Jayce simply kept smiling, and as Sura picked up the tablet. She almost felt like he was more excited for her to read than the captain. It was an acquisition order, a request for the forcible recovery of a human asset, issued by Grotto Corporation. However, it was not an internal order, instead, it was being openly offered to any recovery element of sufficient capacity to apprehend, detain, and transport the asset. So Jayce was on Dagda as a bounty hunter, and why he would be coming at them in such a threatening manner was beyond her.
Then she read the name of the human asset.
Samuel Hyst.
“That’s right, pretty eyes,” snarled Jayce, and just as Sura reached into her duster and put her hand round the grip of her pistol she found the muzzle of Jayce’s weapon pressed painfully under her ribs. “Easy now. Don’t think I won’t drop you right here, bitch. Sammy has a wife and a son, I only need one of you to make this go my way.”
“Sura, please,” said Dar, his eyes pleading as he held his hand flat against the table, palm up, “He won’t do anything we don’t make him do. Let’s be reasonable.”
“What?” asked Sura, not moving her hand away from her pistol, though remaining still in spite of the fact that Jayce kept pressing the pistol harder into her side.
“Ain’t it obvious?” cooed Jayce as he leaned in closer to Sura but kept his eyes on Dar, his breath sending prickles up her spine as he spoke. “Your Reaper goes without a fuss and his family doesn’t have to die.”
Everyone was silent, the captain staring daggers at Jayce and Sura doing her best not to make eye contact with anyone. A storm raged in her mind. She didn’t trust herself not to spring into action if she met the gaze of Orion or Dar. The captain broke the silence after a moment’s pause.
“Jayce, this can be done without blood. If a low rent merc like you is holding a Grotto acquisition order then that means you have a sponsor who brokered the lead, so your cut is already reduced, no sense in risking any more of what’s left,” said the captain, which got a sharp intake of air from Sura even as his statement seemed to visibly ease Jayce.

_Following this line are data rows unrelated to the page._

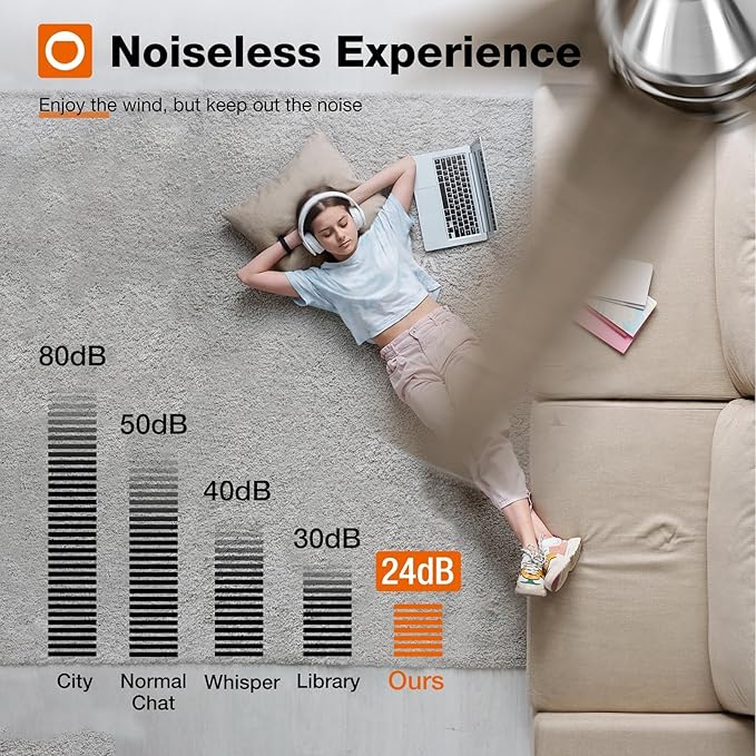 - Super Quiet Experience: Enjoy the wind, but keep the noise out! This ceiling fan is designed for light sleepers, brings you comfortable sleeping with a quiet living environment. The volume is low to 35dB when the fan is running, like the sound of falling leaves, or like a butterfly flaps its wings(30dB). It is more suitable for families with babies or elders.
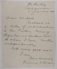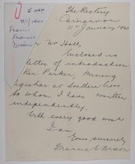 | Description: | Letter from Francis Dixon at the Rectory in Carnarvon, with a letter of introduction to Ken Parker (mining registrar at Souther Cross). |
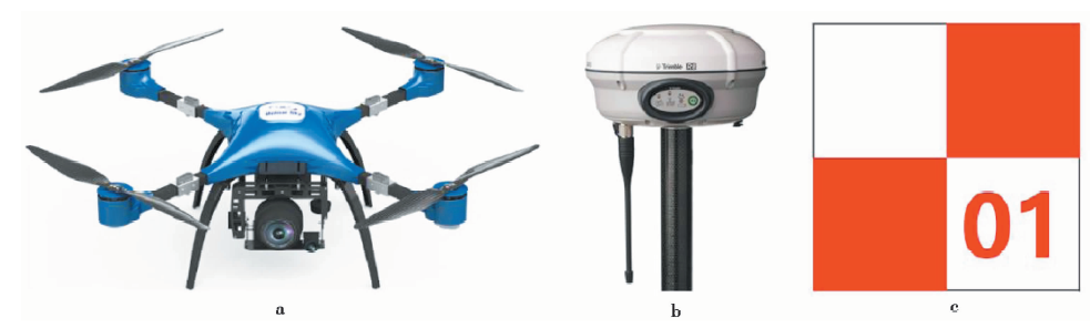 | 图4 无人机数据采集系统 a Motoar Sky MS-670四旋翼无人机系统, 搭载索尼ILCE-QX1相机; b Trimble R8 差分GPS测量系统; c 地面控制点(GCPs)标记, 边长40cmFig. 4 Unmanned aerial vehicle data acquisition system. |
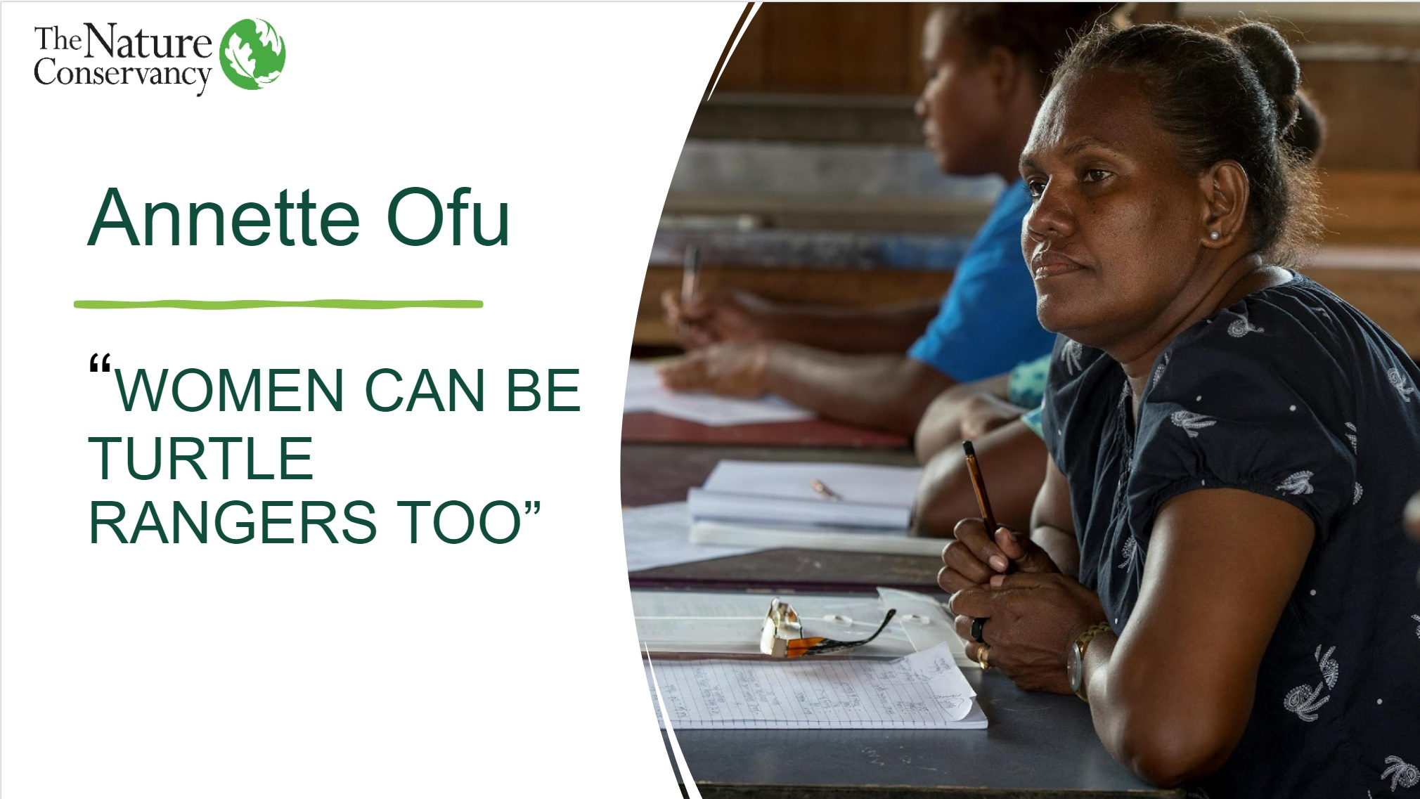 In the Coral Triangle region, women champions are leading the way in conservation on the frontlines. Madlyn Ero, a conservation practitioner at The Nature Conservancy Field office in the Solomon Islands, discussed how female rangers are saving leatherback sea turtles in her country. She noted that although conservation activities in the Solomon Islands have traditionally involved mostly men, the Kawaki Women’s Network in the Arnavon Islands have proven that women can be deeply involved in biodiversity conservation in the field, too. The Kawaki women have led community outreach activities to educate local communities about leatherback sea turtles, participated in training about the species, and have gone out themselves to monitor sea turtle nesting sites at night. The women help monitor the population and nesting areas of the turtles in the Arnavon and with their success have also grown to include 15 women members this year.
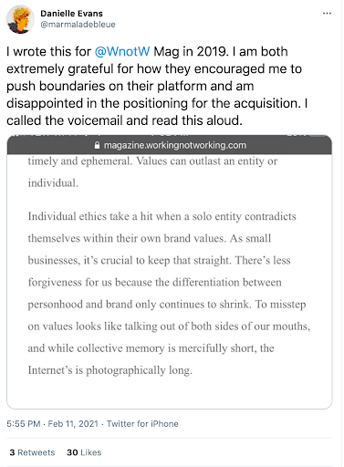 Danielle Evans did call the hotline. The writer and dimensional typographer not only used Working Not Working in the past but also contributed to its magazine, including writing an article on the ethics of artists working for big brands that contradict their values. She says she read that out loud in her voicemail to the company.
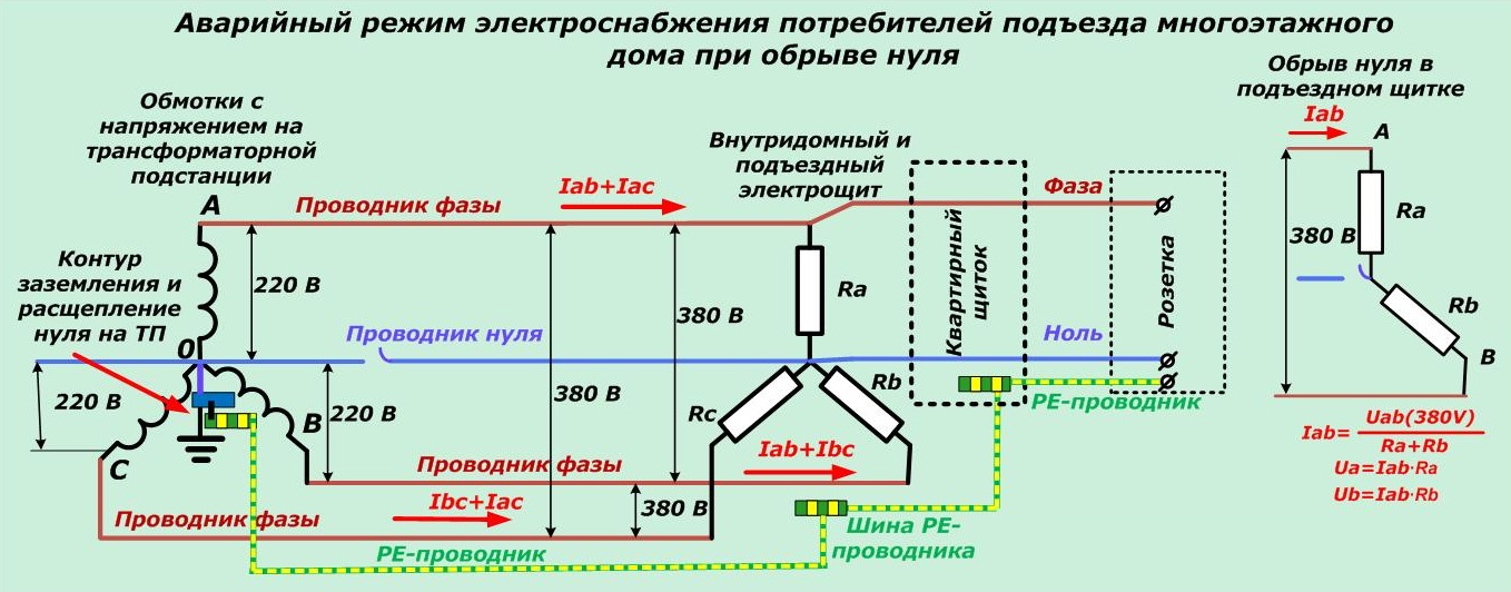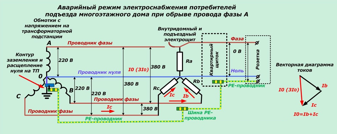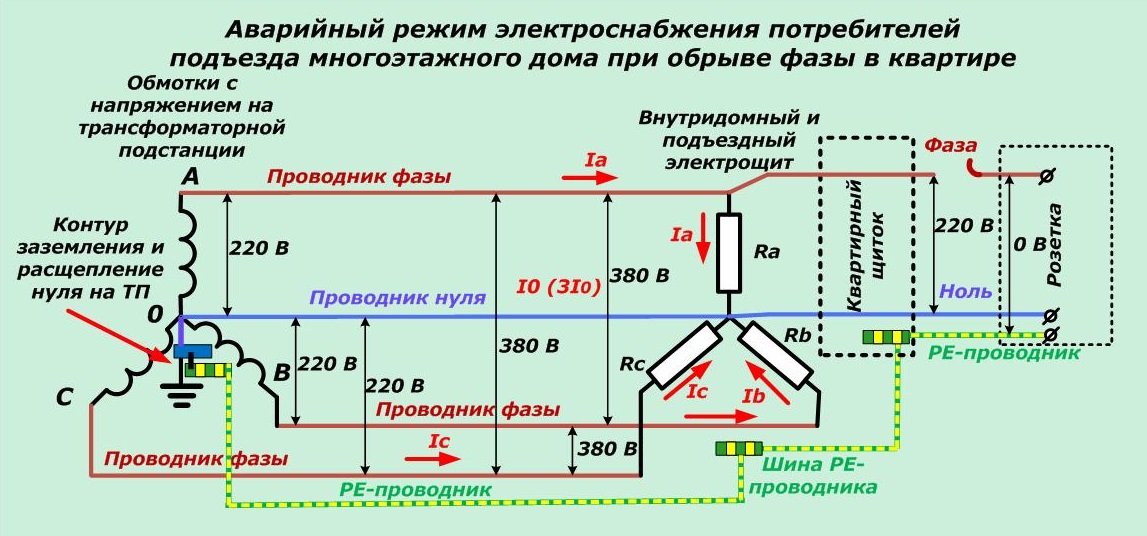 Из этих схем видно, что полное отключение питания в квартирах связано с обрывом одного их проводов. Это не приводят к повреждению и выходу из строя приборов.

“Then we have an understanding,” smiled the mercenary turned bounty hunter.
“If it’s not you then someone else will come along,” sighed Dar, his cold expression now turned to fatigue.
Sura locked eyes with the captain. “Just like that?” she rasped through gritted teeth, her blood boiling.
“He’s right, you know. That’s an acquisition order from one of the Grotto Anointed. It came through about a week ago. You’ll have every bounty hunter and enforcer in mapped space looking for him, and for a reward that big they’ll never stop,” Jayce explained matter-of-factly, in syrupy tones, as he slid a blade from his hip and held it in reverse against his forearm before putting his arm on the table, hiding the knife from sight but making sure that Sura and the captain knew it was there. “So why don’t you drop the hard cargo and fly away with no worries. You and the captain here can cut through all that sexual tension once and for all.”